Anyway, as we were standing there I see a girl about a 100 meters away walking with a clear purpose in our direction. I thought that she maybe was going to visit somebody in the building, or more likely wanted to ask for a cigarette. As she came closer I could tell that she probably wasn't going to visit the office. She was a bit too young for that, but still too old to be anybody's daughter (yes we're a young company).

Still I was completely thrown when she walked right up to us and said "I'm deaf, can you help me?" waving a mobile phone and a small credit card like piece of plastic or paper. We looked at each other with confused expressions. I turned back to the girl and said "Sorry?" It was not that I hadn't heard her the first time. It was rather a kneejerk reaction to the fact that here I was being asked to help somebody whom I wasn't sure I would be able to communicate with. I know that isn't true and just prejudiced, but still a part of my mind froze with fear. Like a deer in headlights.

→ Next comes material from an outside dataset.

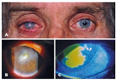 The outcome is dependent on the severity and persistency of the aggression and a combination of external and systemic factors(33,34,45). In the first phase, poor outcomes include progressive stromal erosion, perforation, and corneal melting. In the second and third phases, the process may result in intense and deep opacity, neovascularization, and altered neural network replacement (Figure 2). In these cases, loss of the optic function of the cornea and persistent pain and inflammation are observed in the clinical setting(33,46).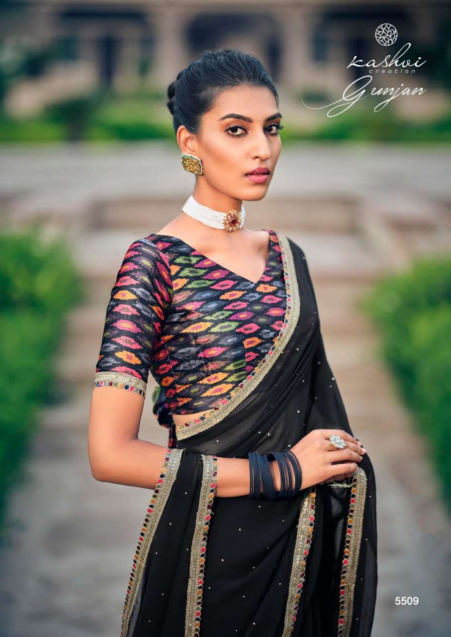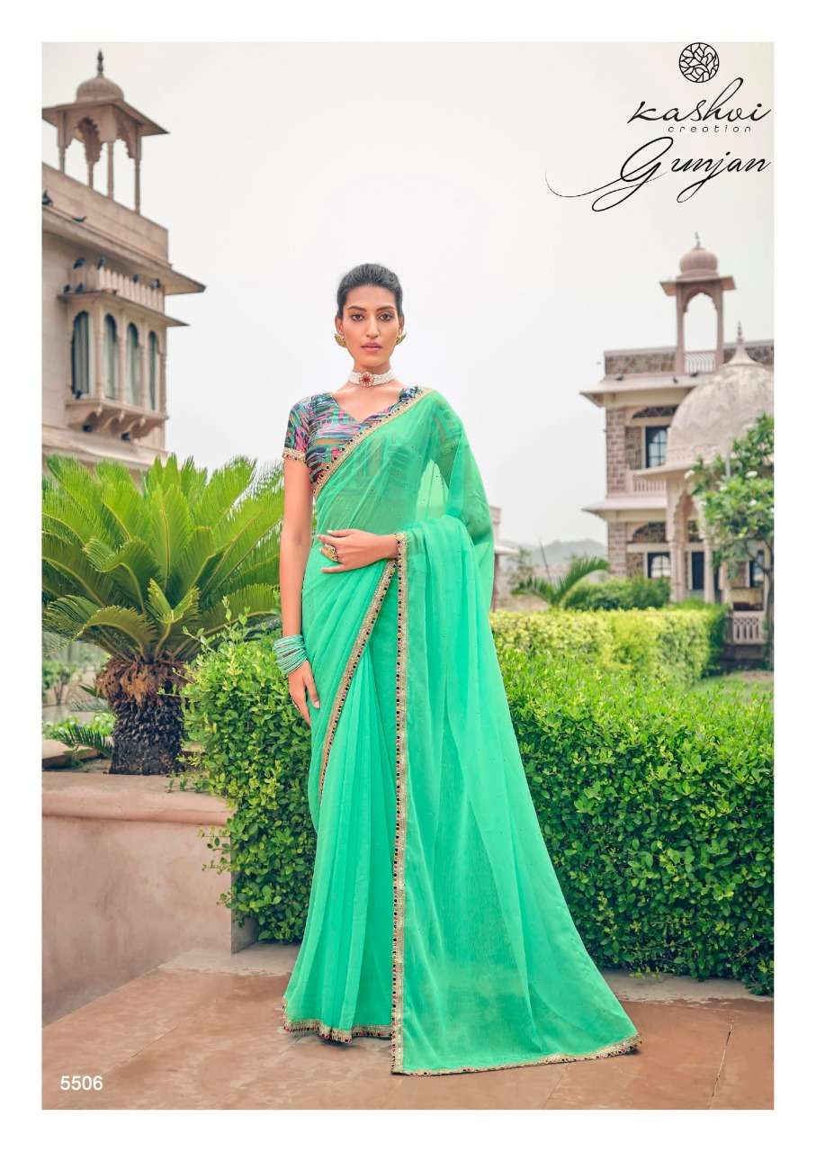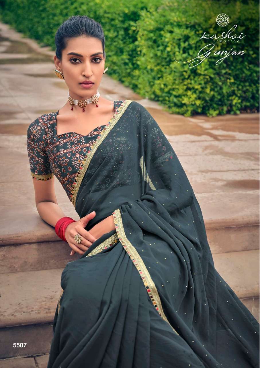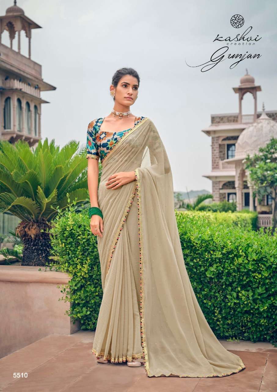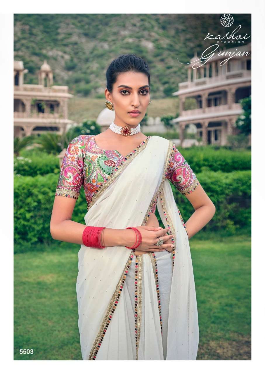 gunjan by kashvi chiffon printed saree with diamond

She repeated "Can you help me?" and held the phone and the card out to me. I looked at it and realised that it was one of those pre-paid mobile phones and a calling balance upgrade card. I asked my colleagues if they knew how to do it, but none of us had any idea, the problem of always having had a company phone.

When I shrugged and said "I don't know how" she sighed loudly and turned and started to walk away. I said "wait!" but she just continued. I realised that she couldn't hear me. I ran past her so that she could see me, waved my arms and said "wait!" again. This time it worked much better.

I took her mobile phone and the upgrade card and read the instructions. It was fairly easy. All you had to do was scratch of the silver colored strip on the card, phone a special number and follow voice prompts where you enter your phone number and the 14 digit code printed on the card. That's child's play, but only with the assumption you can hear.

When I got back to my colleagues, one of them said "But why would a deaf person want a mobile phone in the first place? They can't hear the person on the other end." To that I only smiled and said "SMS."